Em 2020, a pandemia de Covid-19 alterou profundamente a vida no planeta Terra.
Suas consequências sociais, econômicas e psicológicas ainda não são plenamente conhecidas – mas
serão certamente duradouras. Os dois textos desta prova discutem algumas dessas
consequências.
Texto 1
Z de depressão (fragmento)
“Quando o sol nasce em Minas Gerais,
Caio está em seu quarto. Ao cair da noite, também é lá que o rapaz fica, isolado. Ele tem 21 anos e
mora em Luz, cidade mineira de pouco mais de 18 mil habitantes. Até os 8 anos, levou a vida tranquila
de alguém que cresce numa cidade pequena.

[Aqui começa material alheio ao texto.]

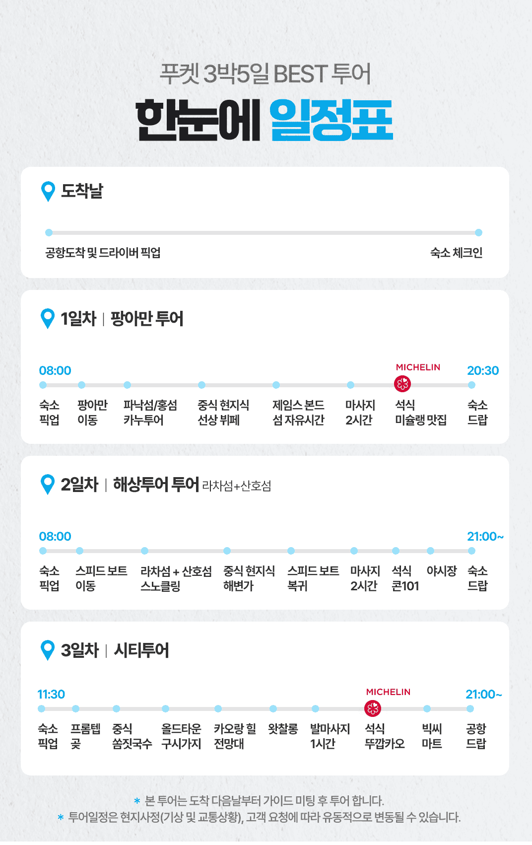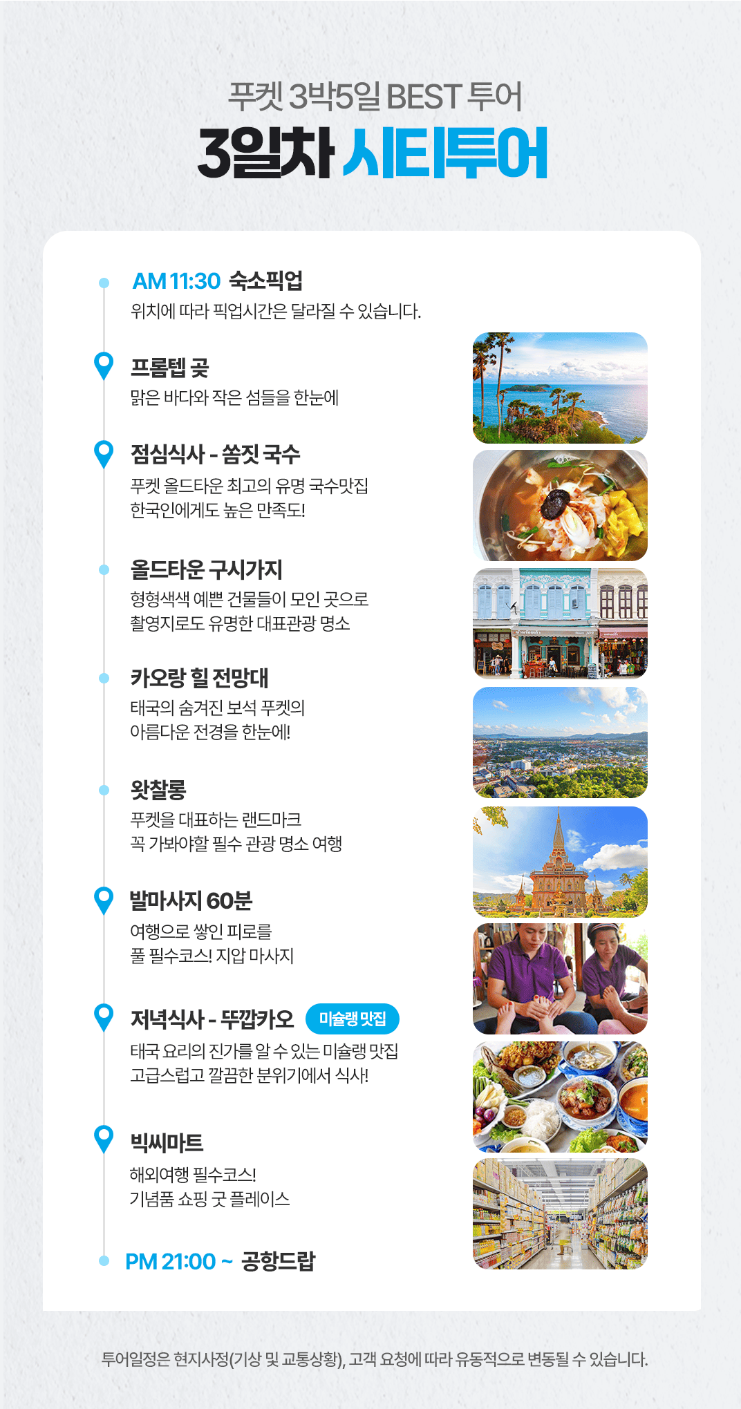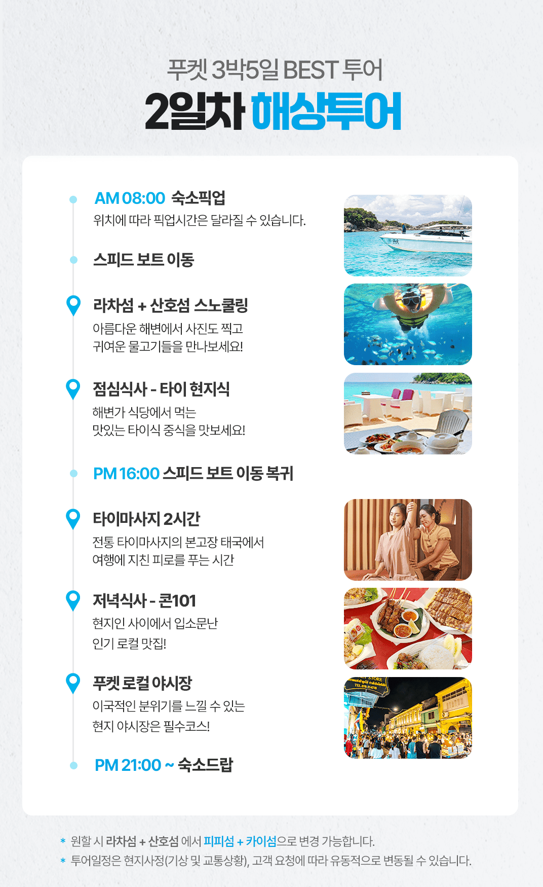 픽업(08:00) → 스피드보트 이동→라차섬+산호섬 스노쿨링→점심식사→스피드 보트 이동 복귀→타이마사지 2시간→저녁식사→푸켓 로컬 야시장→숙소드랍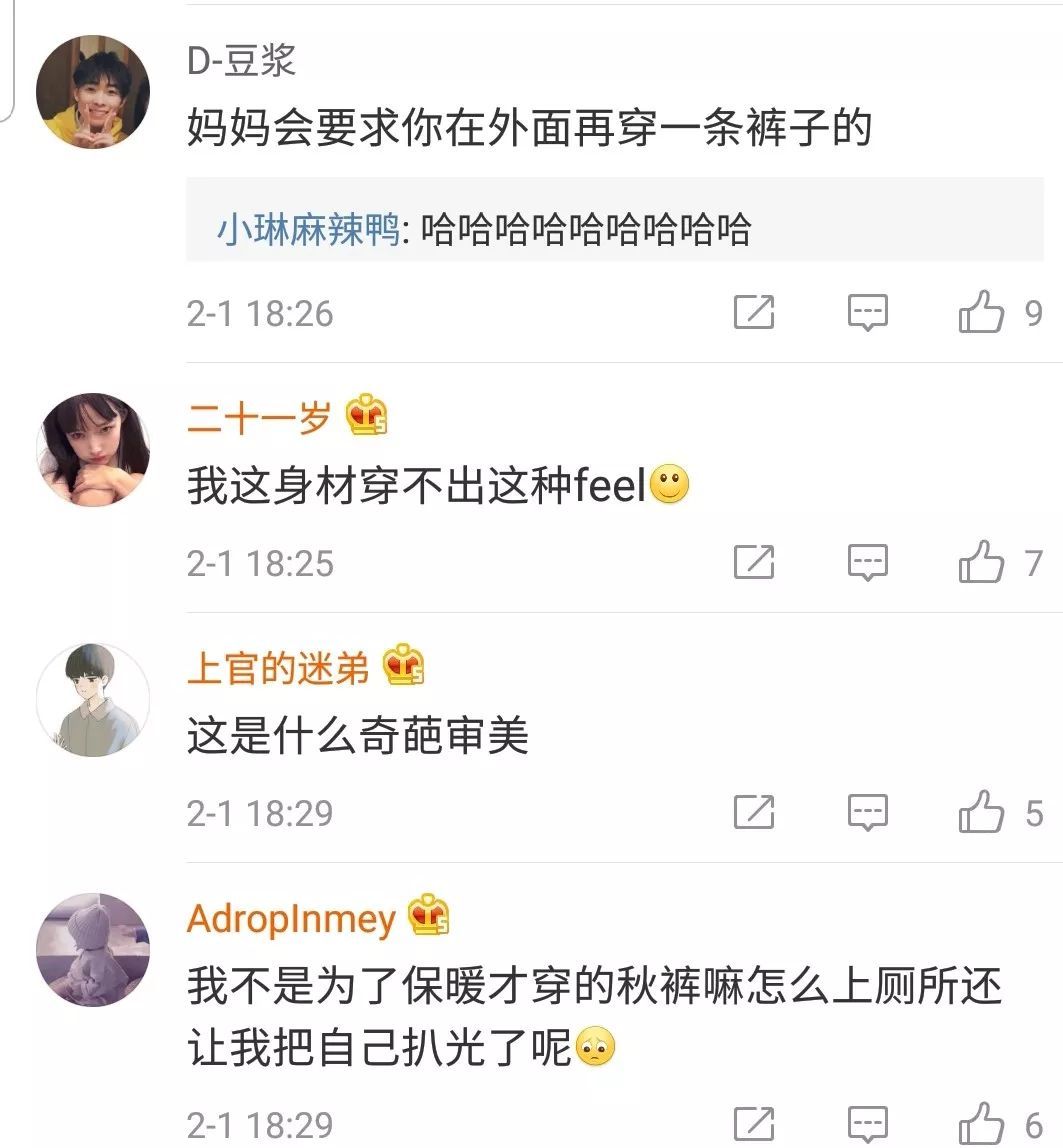 場合歸場合,有網友表示,其實這幾套秋褲看久了竟然還覺得有點好看,從腳連到胸,看起來不僅暖和,還顯腿長;誰不想擁有這樣一條讓人溫暖到心窩的抹胸秋褲呢?

Mas então um dos seus tios se matou, e o menino foi se
tornando cada vez mais triste. Virou alvo de bullying na escola, perdeu os amigos – ‘não sobrou
ninguém’, ele conta. Aos 10 anos, tentou suicídio e precisou ser internado às pressas. [...]
Na
adolescência, Caio identificou que era um homem transgênero, e sua sensação de isolamento só
cresceu. Com o agravamento do quadro depressivo, foi levado ao hospital algumas vezes depois de se
automutilar. Embora os médicos tenham recomendado, ele nunca tratou a depressão por um longo
período de tempo. Cresceu encontrando pequenos alívios para a angústia: cachorros, namoradas,
bebidas alcoólicas, cortes nos braços. Conseguiu terminar o ensino médio, mas não teve motivação
para prestar vestibular ou trabalhar. [...]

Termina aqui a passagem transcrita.